What follows is around eight-to-ten minutes of oddly subdued chaos that feels less like an absurdist parody of religious children’s programming, and more like some murky artifact from another universe altogether, a universe where grotesque social and physical breakdowns are common and procedural. A far-flung alternative reality populated by people that never learned to distinguish comfort from control, or revelation from untreated mental illness. With deep undertones of cosmic horror surrounding the sun god Oxtos (who is invoked frequently and reverently), the true dread comes not from writhing masses of tentacles, it comes from the show’s insistence that everything you’re seeing is perfectly normal, a conceit which is constantly reinforced with footage of the live studio audience of fidgeting children watching the proceedings with glazed expressions. It’s as if Lovecraft were a devotee of one of his own gods, got into children’s television instead of writing, and tried to convey the subtle ontological horror of suburbia.
Central to the entire six episode series is Gary, an enigmatic authority figure whose benevolent mission is to spread the word of Oxtos. Unfortunately, Gary is currently in jail awaiting trial for a variety of alleged crimes including fraud, counterfeiting, and resisting arrest. Ten thousand dollars is needed to bail Gary out of jail, and viewers are encouraged to pawn jewelry, break open piggybanks, and sell family pets to help gather the needed funds. It also becomes evident, after numerous breakaway scenes, that Gary is not dealing with a full deck of cards, and is very likely a transient. Later in the series we discover that Gary is absolutely a con artist, which makes his ultimate fate even more interesting.
One episode ends with an oft-alluded to villain, The Shadowman, who faces down two of the show’s hosts, Trent and BJ. As detailed earlier in this article, the mere observation of Shadowman’s fingers is enough to cause BJ to defecate from his mouth. Then BJ evidently has a psychotic break and forgets he’s filming a segment for a children’s TV show, and punches the actor playing Shadowman in the face, abruptly halting production.
A lot of people are saying this reminds them of Always Sunny in Philadelphia, and I can see it, but my mind went immediately to the Boosh.
Throughout each episode there are peppered B-roll segments featuring Linda, an awkward, manically pleasant woman dressed like a My Buddy doll and given to standing in weird, uncomfortable poses that are ostensibly struck to make her feel more relatable to her audience. It, in fact, has the opposite effect
The overall effect is one of mild to medium discomfort, depending upon your personal tolerance, and the laughter comes at the price of having to wade through extremely challenging sequences, such as a stage illusionist who is distraught to the point of a meltdown because the birds he used for his act were all shot to death by police officers moments before his scheduled appearance.
I would have been unhappy too!
Hug the Sun does something few parodies succeed at, and that is to forget that it’s a parody.

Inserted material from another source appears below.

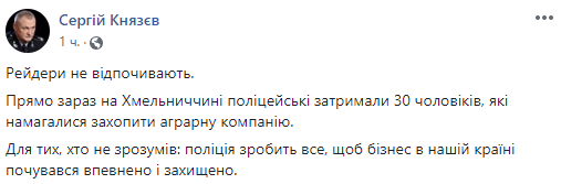 "Опять рейдеры сельскохозяйственного предприятия. "Сварог", что в Шепетовке Хмельницкой области. Приехали 25 умников на "гастроли" за 60 долларов в день, захватили предприятие. Все сразу задержаны полицией и ближайшие дни проведут в тюрьме", - отметил министр внутренних дел.

It doesn’t over-signal. Even the bizarrely inappropriate responses to situations have the effect of flattening the narrative rather than inflating it. Its power lies in its refusal to escalate. In the end, Linda is thrown to the wolves, Gary the second prophet is burned to death by Oxtos, BJ is hit by a car in a post-DMT psychosis, and Trent becomes the new prophet. Nothing is learned. Nothing is corrected.
It says: this is what passes for acceptable children’s programming on broadcast television, this is what devotion feels like, and this is what authority sounds like. In the end, one is left with the impression that the show wasn’t so finished as it was abandoned, like it was never meant for public consumption.